Document - Brazil: Indigenous community faces eviction


UA: 321/12 Index: AMR 19/016/2012 Brazil Date: 26 October 2012URGENT ACTION INDIGENOUS COMMUNITY FACES EVICTION The 170-strong Guarani-Kaiowá indigenous community of Pyelito Kue/Mbarakay – including 70 children – faces imminent eviction from their ancestral lands in Mato Grosso do Sul state, Brazil. If they are evicted, they would end up living in extremely dangerous conditions, camped by the side of a road. For almost a year, the Guarani-Kaiowá community of Pyelito Kue/Mbarakay has been occupying two hectares of forest on the banks of the Hovy river, in the Cambará farm in the municipality of Iguatemi, Mato Grosso do Sul state. The community reoccupied this small portion of their ancestral lands in November 2011, after a truckload of gunmen attacked their previous encampment by the side of a dirt track, burning their huts and belongings and firing at the community with rubber bullets. Since the reoccupation, farmers have blocked off entry points and the community has been denied access to schooling, healthcare and deliveries of food supplies.
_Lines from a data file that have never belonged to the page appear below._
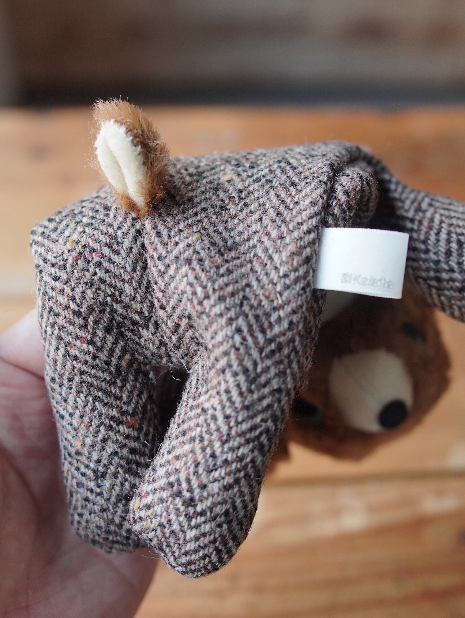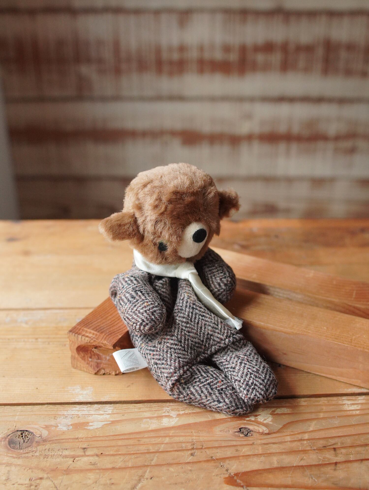 クラシカルなヘリンボーン柄のウールツィード生地(ウール70%)と熊さんヘッド、そしてサテンマフラーでクールにキメたお洒落さんです!
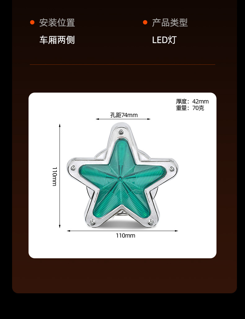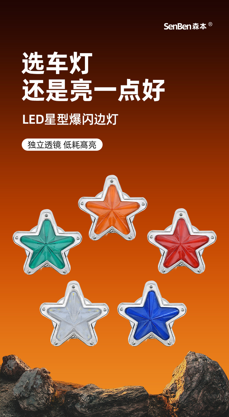 外贸跨境卡车爆闪边灯星星示宽灯车厢两侧信号灯24VLED电镀边灯
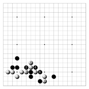 <1도> 백①로 좌우의 연결을 저지하면, 흑②로 젖혀 나오고 흑④, ⑥으로 백 한 점을 잡고서 중앙으로 머리를 내밉니다.
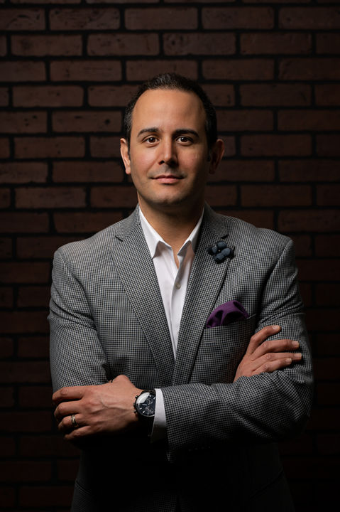 This style is what most people think of when they hear the word "headshot". A standard quarter length photo, with you usually standing and looking mostly straight on to the camera. The backdrop is usually a solid neutral color. The lighting is fairly even and pleasing.
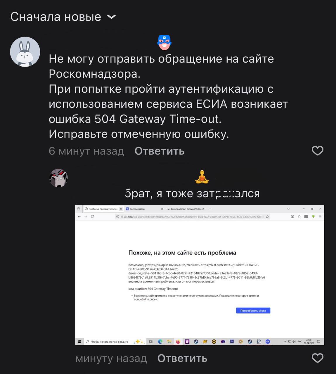 Сайт РКН умер — на нём невозможноподать обращения, ничего не грузит.
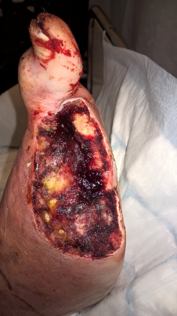 Aluksi olin ensiavun vuodeosastolla. Kun vatsakirurgian osastolla ei ollut tilaa, sain muuttaa sitten diabeetikkojen osastolle, jossa vietin muutaman vuorokauden ja sain konkreetisesti nähdä ja kuulla, mihin epäterveelliset elämän tavat ja -ravinto johtavat sokeritautisella. Jalat lähtevät pala palalta ja arpien korjaus on vaivalloista, joskus mahdotonta ja kivut aivan hirveät. Ohessa kuva naapurin jalkapohjasta. Viimein vapautui tilaa vatsakirurgian osatolta, joten muutinpa sitten sinne.

On 17 September, a regional federal court upheld an eviction order lodged by the farmers. The decision has been challenged by federal prosecutors on the grounds that the judge did not take into consideration that these lands had been traditionally occupied by the group, a fact clearly demonstrated in a technical anthropological report, published by Brazil’s indigenous agency (Fundação Nacional do Índio, FUNAI) in March 2012. In other cases, judges have allowed indigenous groups leave to remain on the land while the often long and drawn-out process of land demarcation takes place.

The community has reaffirmed their rights to their ancestral lands and vowed to resist any attempts to remove them. In an open letter to the Brazilian government and the judiciary, the community wrote: “We know that we will be driven out from the side of the river by the courts, but we have decided that we will not leave. As a native, historically indigenous people, we have decided that we will be killed here together.”

Please write immediately in Portuguese or your own language:  Calling for the immediate suspension of the eviction order, pending a completion of the issuing of FUNAI’s final report defining the extent of Pyleito Kue/Mbarakay ancestral lands;  Calling for the authorities to ensure the community has adequate access to basic services, including food, water and healthcare, and investigate any allegations of threats against them;  Urging them to fulfil their obligations under the International Labour Organization (ILO)’s Convention 169, the UN Declaration on the Rights of Indigenous Peoples and the Brazilian constitution by completing all outstanding land demarcations.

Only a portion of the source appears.